No, the evidence suggests that the rate is time-dependent; that is, the expansion is accelerating.

> how do all the parts in space coordinate to expand at about the same steady rate?

This is a good question!

The answer is: the coordination happens in the much earlier much denser universe in our past, just like the coordination that happened among the fields of the Standard Model that led to the earliest atoms and molecules.

Let's first take the case where there is no accelerated expansion (which is unlikely with current evidence). In this case, the mechanism can simply be inertia, with an enormous early impulse like those in the family of cosmic inflation theories.
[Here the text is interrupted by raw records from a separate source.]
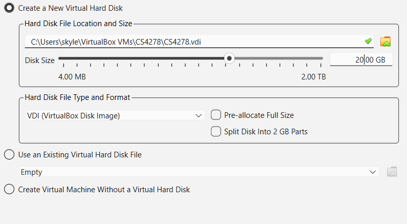Then it will ask you to create a storage device. Remember, you are creating a virtual machine — an entire simulated computer. That includes simulating a hard disk for storage. This is represented as a large (> 20GB file) on your host computer. I recommend at least 20GB, since the space will be dynamically allocated as long as you don't choose "Pre-allocate full size":
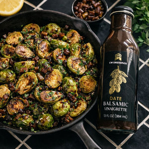 Roasted Brussels Sprouts with Date Balsamic Vinaigrette
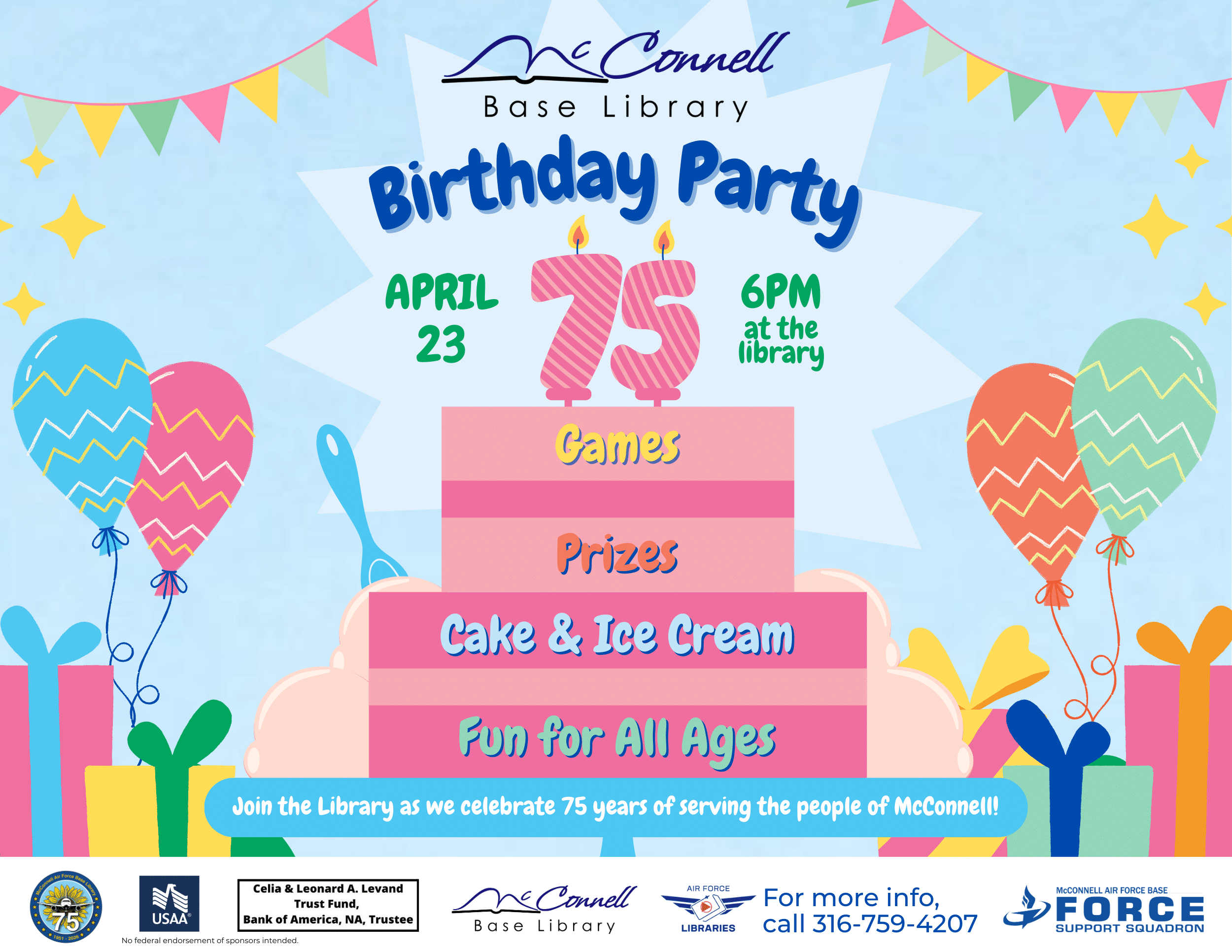 Join the Library to Celebrate our 75th Year serving the people of McConnell!! We will have Cake and Ice Cream, games and prizes to win! This is an event for all ages!
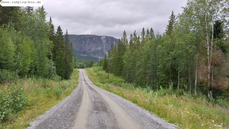 07. bis 09.08. Gäddede - Vildmarksvägen - Föllinge 178 kmUnsere Alternativstrecke führt südlich und westlich des offiziellen Vildmarksvägen auf Schotterstraßen nach Föllinge. Bei der Fahrt sehen wir den markanten 682 m hohen Kalberget, dessen Südflanke 300 m steil abfällt.
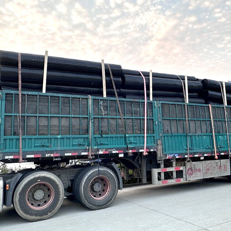 PP biaxial geogrid is manufactured from PP, it is produced through the process of extruding, punching, heating, longitudinal and transverse stretching.
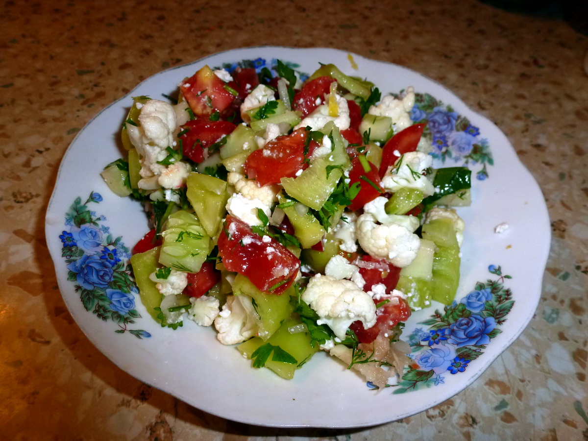 Не только из помидоров и кабачков могут получаться вкусные зимние салаты. Цветная капуста запросто может составить конкуренцию перечисленной консервации. Рецепты приведенных ниже блюд особенно выгодно будут смотреться на праздничном столе.
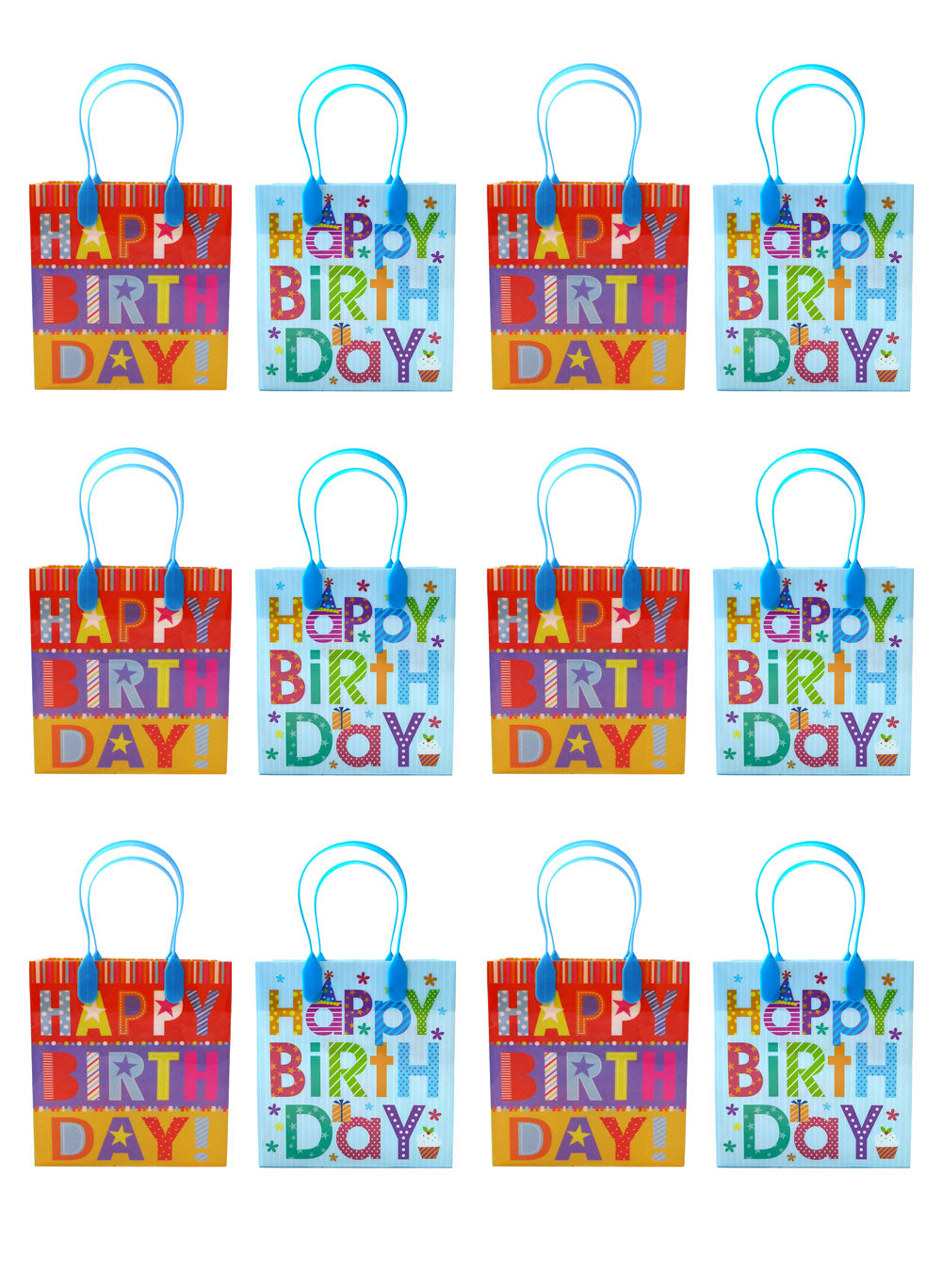 Choose from a set of 6 or 12 Happy Birthday Party Favor Treat Bags to make your celebration unforgettable. These high-quality bags with durable handles are perfect for filling with treats, toys, and goodies. Designed for reuse, they offer lasting value and convenience for multiple parties. Pair them with our exclusive party favors and stationery to create the ultimate birthday party bundle that your guests will love. Each bag measures appx 7 inches tall, 6.25 inches wide, 3 inches deep

There must be a fine balance between the density of matter in the earlier universe and the impulse, because gravitational interactions will decelerate the expansion from the early impulse until the matter-density drops/dilutes-with-expansion to a critical point after which the rate of expansion will be constant.

Observations support an early deceleration and subsequent fixed-rate expansion, but about 8 billion years ago the expansion began to accelerate, as seen in images of galaxies with redshifts less than about z ~ 0.5.
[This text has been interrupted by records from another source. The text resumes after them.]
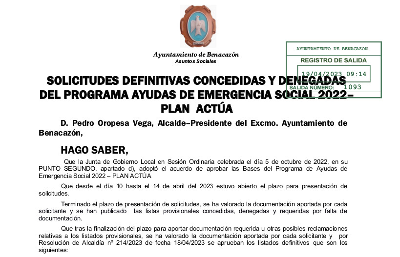 El Ayuntamiento de Benacazón informa que, tras la finalización del plazo para aportar documentación requerida u otras posibles reclamaciones relativas a los listados provisionales, se ha valorado la documentación aportada por cada solicitante y por Resolución de Alcaldía nº 214/2023 de fecha 18/04/2023 se aprueban los listados definitivos que son los siguientes:
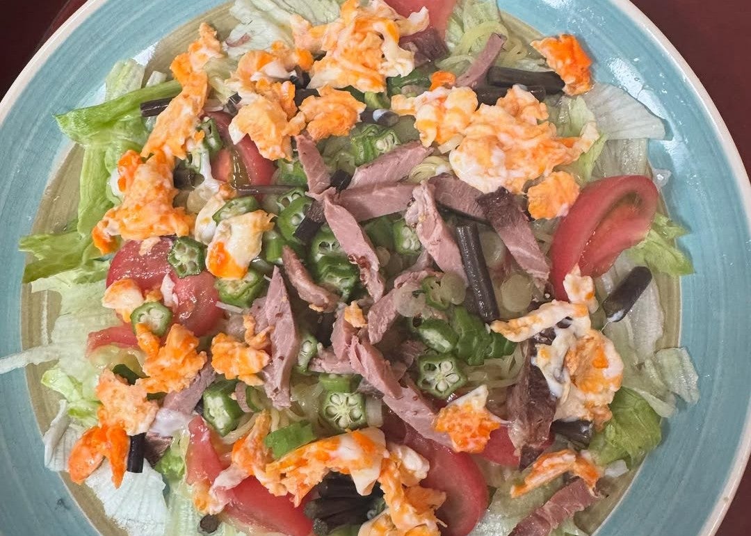 色とりどりの野菜が盛りつけられ麺が見えなくなっているが、断捨離中にここまでしっかり作る強いこだわりが感じられる。
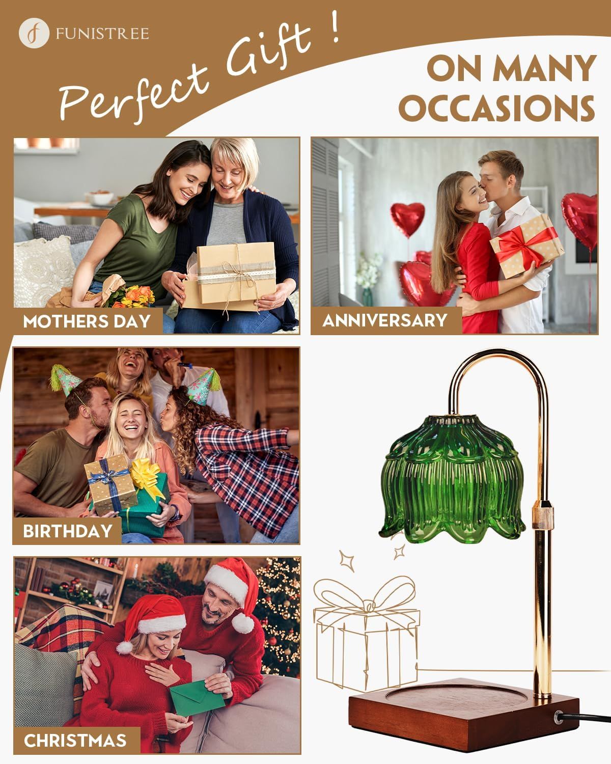 Green Candle Warmer Lamp with Timer & Dimmer, Candle Lamp Warmer Adjustable Height, Birthday Valentines Day Gifts for Women Mom
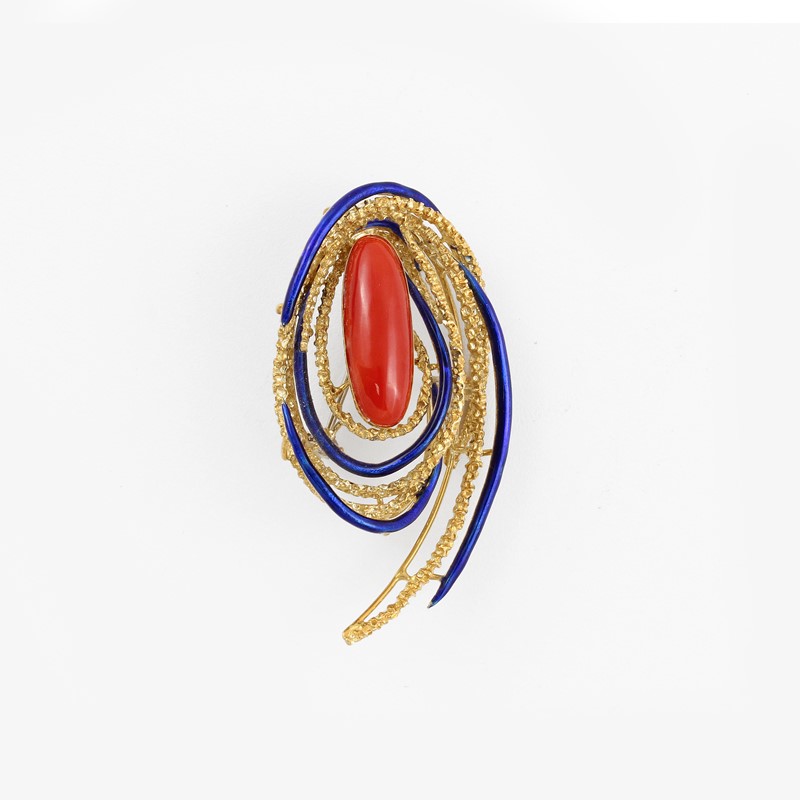 in oro giallo a forma elicoidale con smalto blu e corallo cabochon centrale, gr. 19,6.

> a simple underlying mechanism

This is what the study of dark energy is about: a simple explanation for the accelerating expansion of the universe.

Typically one starts with a field that fills the whole of spacetime, with enormous energy-density in the early universe, with that energy-density decaying at later times. In extremely high-quality vacuum and far from structures like stars and black holes, the decay of this field is faster than near those structures (too near and the field becomes locally stable; the solar system, for example, is not expanding). When the field decays, it gives a local increase to the inertial expansion rate described in the no-dark-energy case a couple paragraphs up. Because there is so much empty space outside galaxy clusters, there is a lot of local, and the amount of local increases over time, so larger regions of the field decay at faster rates as the unvierse gets older.
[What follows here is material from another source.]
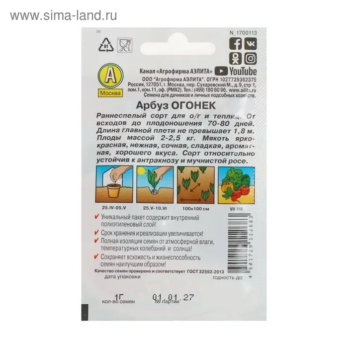 Благодаря внутреннему полиэтиленовому слою пакет не пропускает влагу и увеличивает срок годности семян до 2 лет.
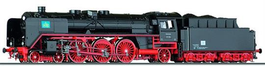 Parní lokomotiva BR 01 s naloženým vozíkem.

There are other approaches too, but the effect is the same: the amount of space outside matter structures increases at an accelerating rate in the late universe, and this corresponds in a frame-dependent way to an energy-density that remains constant as the energy-density of the fields of the Standard Model decreases. That is, in such a frame of reference, matter and radiation dilute away with the expansion MUCH faster than dark energy does.

Another approach is literally the cosmological constant, which if zero gives the inertial picture above, but if it takes on a small positive value, it produces a late-time acceleration of the expansion. No known fields behave like this: matter-density varies by location in spacetime (clumpier in space, tending to diffuse apart (especially light) or collapse gravitationally (especially baryons) over time), gravitational fields vary with position in spacetime and typically with the distribution of matter. By contrast, the cosmological constant is literally identically everywhere-and-everywhen. More likely we will find evidence for something which closely approximates the cosmological constant at large scales, with differences in the density of the "cosmological not-quite-constant field" lining up very closely with observed differences in the density of matter.

> clever nature of this mechanism

Cleverness shouldn't be expected of the mechanism itself, although it will probably take some cleverness to describe the mechanism in a tractable/scalable-yet-accurate-in-detail manner.

WRT your final sentence, General Relativity works just fine in the total absence of dark energy, and dark energy as the cosmological constant has been captured as the factor \Lambda in the Einstein Field Equations. That's like saying that all matter has been captured as a factor in the Einstein Field Equations, though: it has taken a lot of work including things like studying https://en.wikipedia.org/wiki/Deep_inelastic_scattering to work out many of the finer details of the stress-energy tensor. A comparable program likely is needed to work out the finer details of \Lambda, which might lead to a formal explanation along the lines of the informal one a few paragraphs above.